DATA FOR THIS EXERCISE –
---*---

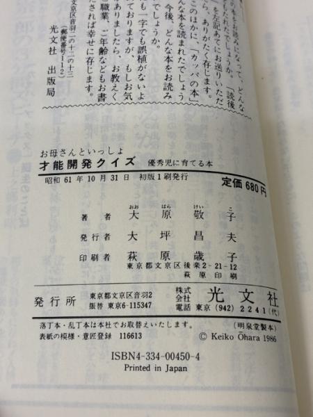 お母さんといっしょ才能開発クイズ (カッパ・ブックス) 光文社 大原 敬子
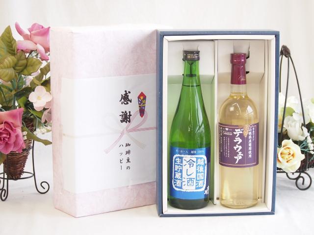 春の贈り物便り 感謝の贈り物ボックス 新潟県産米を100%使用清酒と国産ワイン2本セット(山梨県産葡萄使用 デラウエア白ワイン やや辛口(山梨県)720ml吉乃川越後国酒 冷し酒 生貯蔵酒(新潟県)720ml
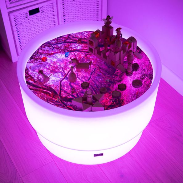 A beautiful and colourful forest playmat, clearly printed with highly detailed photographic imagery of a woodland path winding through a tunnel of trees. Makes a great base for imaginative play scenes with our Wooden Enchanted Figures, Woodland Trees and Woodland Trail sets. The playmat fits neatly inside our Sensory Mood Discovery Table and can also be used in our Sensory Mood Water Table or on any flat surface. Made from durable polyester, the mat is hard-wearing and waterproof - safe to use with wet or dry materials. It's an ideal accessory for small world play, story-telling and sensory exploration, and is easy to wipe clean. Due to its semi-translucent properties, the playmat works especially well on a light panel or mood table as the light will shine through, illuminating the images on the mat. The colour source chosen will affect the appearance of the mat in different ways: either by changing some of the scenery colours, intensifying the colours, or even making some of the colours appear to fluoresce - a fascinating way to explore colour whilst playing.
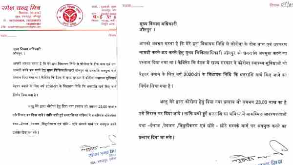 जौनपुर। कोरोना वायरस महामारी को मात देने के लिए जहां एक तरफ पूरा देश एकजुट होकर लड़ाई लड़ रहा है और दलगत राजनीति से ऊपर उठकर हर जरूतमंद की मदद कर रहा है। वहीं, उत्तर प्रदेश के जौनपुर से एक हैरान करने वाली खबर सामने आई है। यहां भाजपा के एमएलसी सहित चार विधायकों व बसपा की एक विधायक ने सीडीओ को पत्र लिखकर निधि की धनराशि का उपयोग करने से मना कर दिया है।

---*---

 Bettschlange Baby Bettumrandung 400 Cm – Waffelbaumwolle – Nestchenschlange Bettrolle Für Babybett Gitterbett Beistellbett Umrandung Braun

---*---

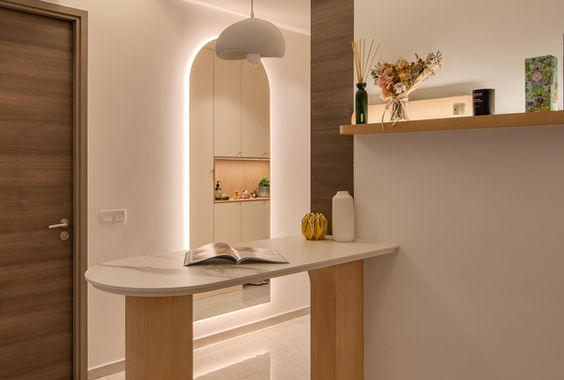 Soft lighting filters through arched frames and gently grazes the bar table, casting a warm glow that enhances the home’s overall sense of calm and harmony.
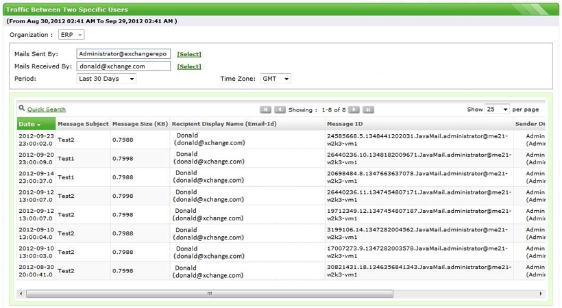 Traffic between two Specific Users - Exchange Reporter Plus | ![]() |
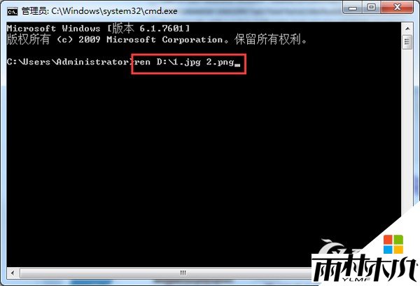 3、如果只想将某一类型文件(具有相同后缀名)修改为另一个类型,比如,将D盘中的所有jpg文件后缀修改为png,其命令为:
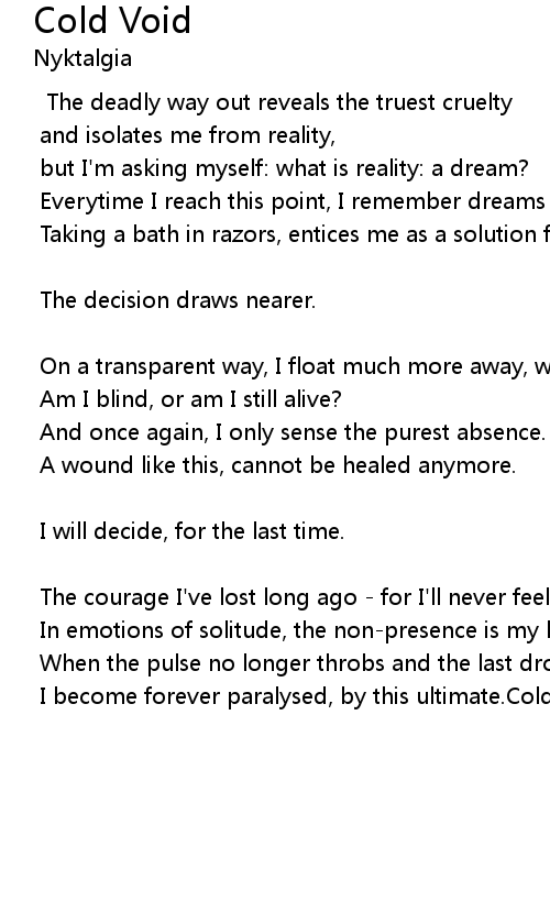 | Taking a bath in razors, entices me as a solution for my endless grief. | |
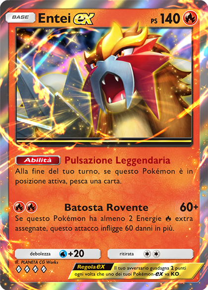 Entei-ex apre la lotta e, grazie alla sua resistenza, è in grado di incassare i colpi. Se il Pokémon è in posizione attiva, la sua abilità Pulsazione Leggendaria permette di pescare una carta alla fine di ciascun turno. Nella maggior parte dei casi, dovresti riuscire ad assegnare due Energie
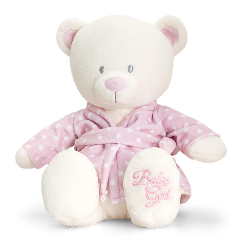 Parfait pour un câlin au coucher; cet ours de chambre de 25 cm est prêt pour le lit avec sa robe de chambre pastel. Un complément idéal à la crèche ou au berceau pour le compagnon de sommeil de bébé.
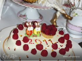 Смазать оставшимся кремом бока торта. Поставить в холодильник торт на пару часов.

---*---

AIM OF THE TASK –
In the data above, find the line containing "お母さんといっしょ才能開発クイズ (カッパ・ブックス) 光文社 大原 敬子" and the line containing "春の贈り物便り 感謝の贈り物ボックス 新潟県産米を100%使用清酒と国産ワイン2本セット(山梨県産葡萄使用". Copy exactly the stretch from the first through the second, both included, leaving out any picture.

OUTPUT OF THE EXERCISE –
 お母さんといっしょ才能開発クイズ (カッパ・ブックス) 光文社 大原 敬子
 春の贈り物便り 感謝の贈り物ボックス 新潟県産米を100%使用清酒と国産ワイン2本セット(山梨県産葡萄使用 デラウエア白ワイン やや辛口(山梨県)720ml吉乃川越後国酒 冷し酒 生貯蔵酒(新潟県)720ml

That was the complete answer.